• _Work order_
Your answer must be the exact lines of the listing below that run from the line with "防臭男士中筒薄款吸汗透气抗菌纯色百搭运动袜" to the line with "Schreibtisch XB2E, 200", ends included, and no pictures.

• _Supplied data_
***

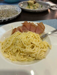 В будний вечер ресторан полупустой, кроме нас было 2-3 столика. При этом ожидание блюд составило более часа, об этом не предупредили. Паста была из тонких макарошек-коротышей — переваренная и слизистая, почти как каша, порция намного меньше представляемой в голове за такую сумму, но на вкус в целом норм. Настойки хорошие, крепенькие, не как компотик. Интерьер красивый, в туалете очень чисто. Заслуженная двойка с плюсом.
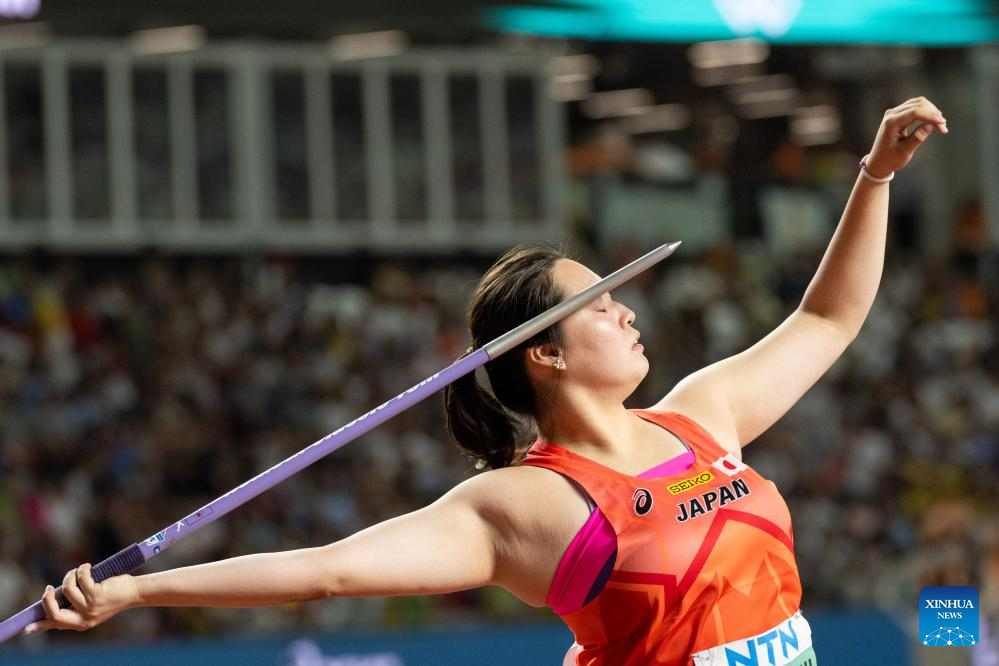 Japan's Kitaguchi Haruka competes during the women's javelin throw final during the World Athletics Championships in Budapest, Hungary, Aug. 25, 2023. (Xinhua/Meng Dingbo)
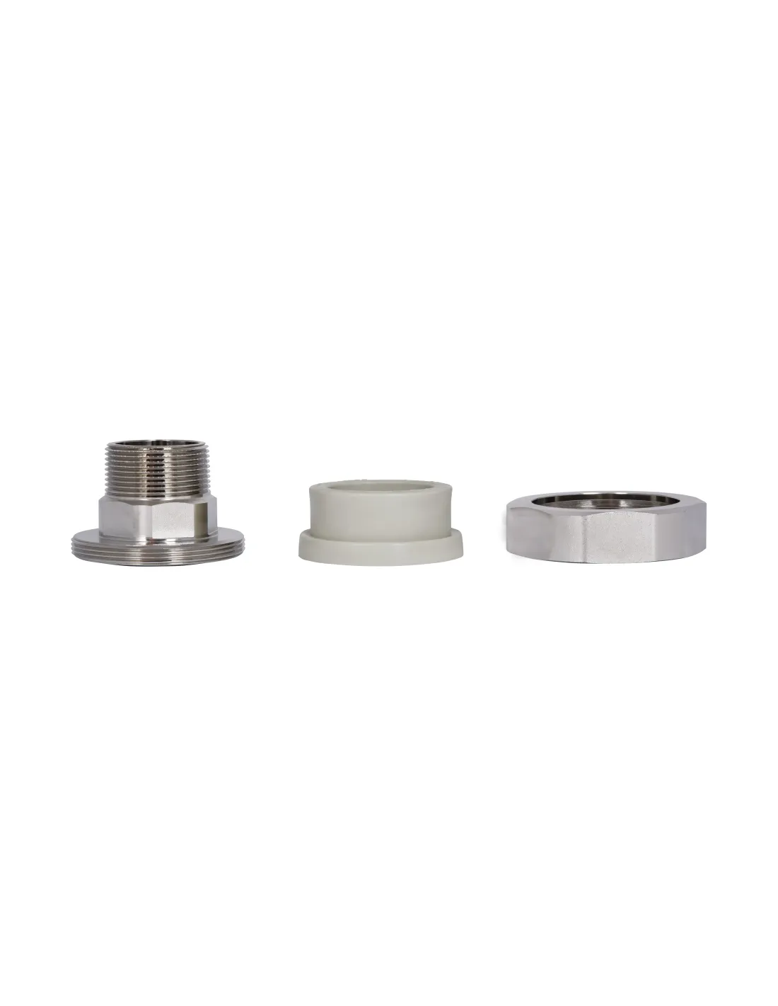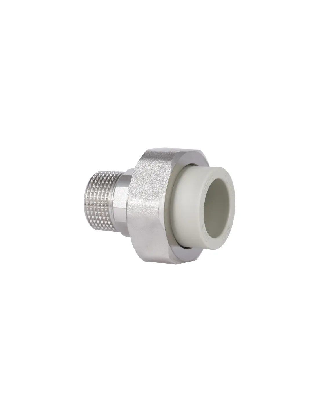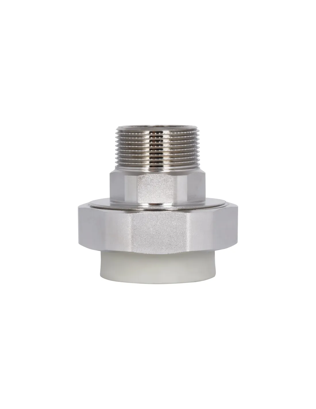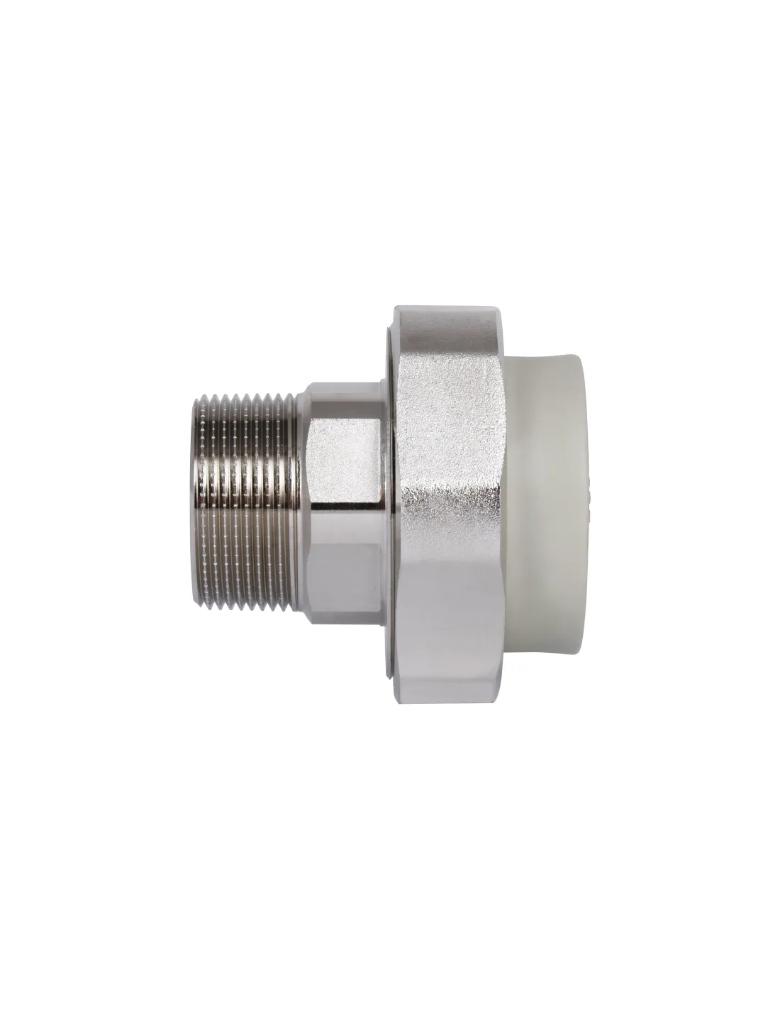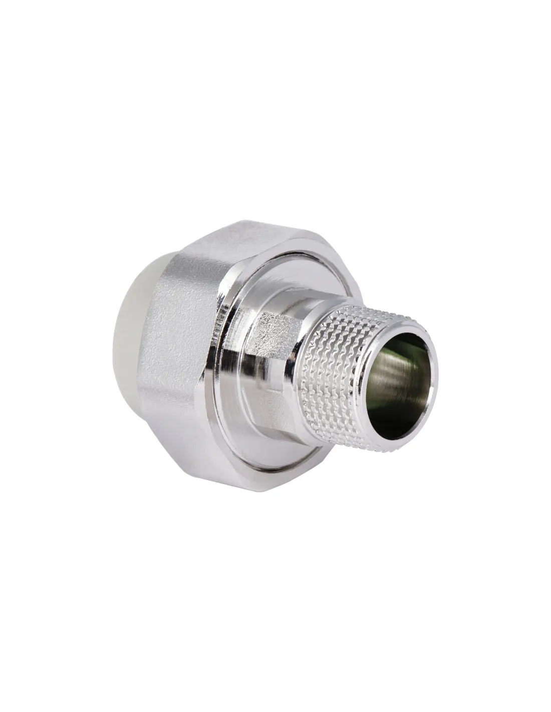 Фитинг выполнен из высококачественного полипропилена PPR PN20 и оснащен латунным резьбовым элементом с накидной гайкой. Латунь обеспечивает прочность и коррозионную стойкость резьбы. Сварное соединение PPR-части гарантирует монолитность и герметичность системы при рабочем давлении до 20 бар.
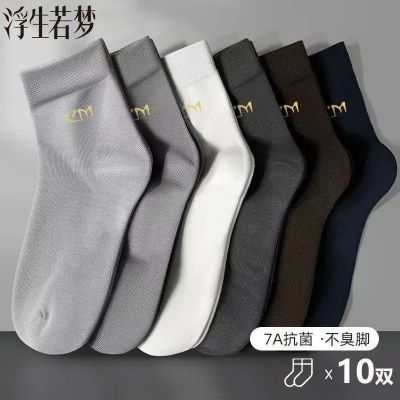 防臭男士中筒薄款吸汗透气抗菌纯色百搭运动袜
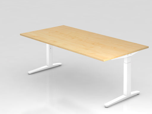 Schreibtisch XB2E, 200 x 100 cm Platte: Ahorn, 25 mm dick, 2 mm ABS-Kante Rechteckform C-Fuß-Gestell Weiß Alu-Kufe poliert Arbeitshöhe 65-85 cm hö...
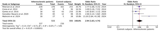 Concerning the atherosclerotic condition of patients in the atherosclerosis group, two studies included patients who had suffered cardiovascular events (CVEs) associated with atherosclerosis [15,42]. Another study used a CT scan [40], another one used coronary angiography [41], and the fifth one used Doppler sound to assess the carotid wall’s thickness [43].
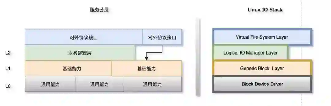从开发任何一个服务的时候,我们先梳理好层次关系。[对外的协议和接口]这里可以统一代码框架,由纯工程人员提供,包括并行化云化容灾过载保护熔断等。
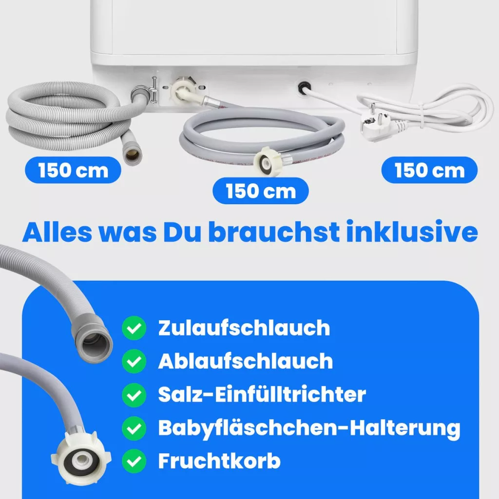 Beleértve a bemeneti és lefolyó tömlőt, sótöltő tölcséret
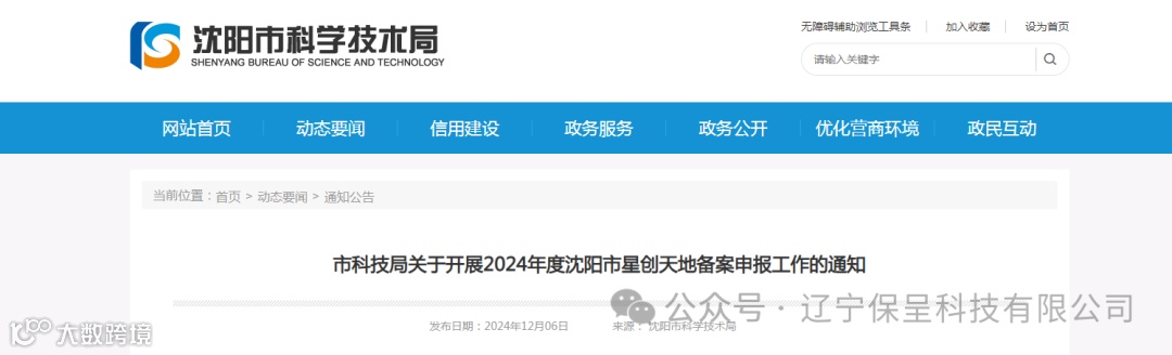保呈快讯内容:关于《市科技局关于开展2024年度沈阳市星创天地备案申报工作的通知》-内容分享

***

• _Output below_
 防臭男士中筒薄款吸汗透气抗菌纯色百搭运动袜
 Schreibtisch XB2E, 200 x 100 cm Platte: Ahorn, 25 mm dick, 2 mm ABS-Kante Rechteckform C-Fuß-Gestell Weiß Alu-Kufe poliert Arbeitshöhe 65-85 cm hö...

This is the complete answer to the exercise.